Betty is going to leave Earth in the year 2000 and travel by rocket ship to a star eight light-years away (as measured in Earth's frame of reference) at a speed of 240,000 kilometers per second. To keep the sums simple, I shall neglect the periods the ship spends accelerating and braking (i.e., treat these periods as instantaneous), and also assume Betty doesn't spend any time sightseeing when she reaches the star. To achieve 80 percent of the speed of light in a negligible time implies an enormous acceleration, which would be fatal to a real human, but this is incidental to the argument. I could easily include a more realistic treatment of the acceleration, but at the price of making the arithmetic more complicated; the overall conclusions would be unaffected.

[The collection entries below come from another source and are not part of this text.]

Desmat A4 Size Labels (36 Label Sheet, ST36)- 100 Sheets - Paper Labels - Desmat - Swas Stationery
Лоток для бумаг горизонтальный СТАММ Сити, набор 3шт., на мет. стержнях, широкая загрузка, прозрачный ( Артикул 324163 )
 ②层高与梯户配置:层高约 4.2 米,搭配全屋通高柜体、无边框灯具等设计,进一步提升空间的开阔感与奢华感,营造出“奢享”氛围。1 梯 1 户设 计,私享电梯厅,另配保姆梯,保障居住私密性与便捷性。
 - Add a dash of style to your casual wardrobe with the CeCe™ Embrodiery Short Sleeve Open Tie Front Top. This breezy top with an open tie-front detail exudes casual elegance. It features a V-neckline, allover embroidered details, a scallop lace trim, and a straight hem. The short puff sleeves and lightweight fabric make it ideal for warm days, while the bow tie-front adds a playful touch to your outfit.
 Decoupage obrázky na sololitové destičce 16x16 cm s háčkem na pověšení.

First let me compute the total duration of the journey as predicted by Einstein for each twin. At 80 percent of the speed of light. it takes ten years to travel eight light-years, so Ann, on Earth, will find that Betty returns in Earth year 2020. Betty, on return, agrees that it is Earth year 2020, but insists that only twelve years have elapsed for her, and her rocket clock - a standard atomic clock carefully synchronized before takeoff with Betty's identical clock on Earth - confirms this assertion: it reads 2012.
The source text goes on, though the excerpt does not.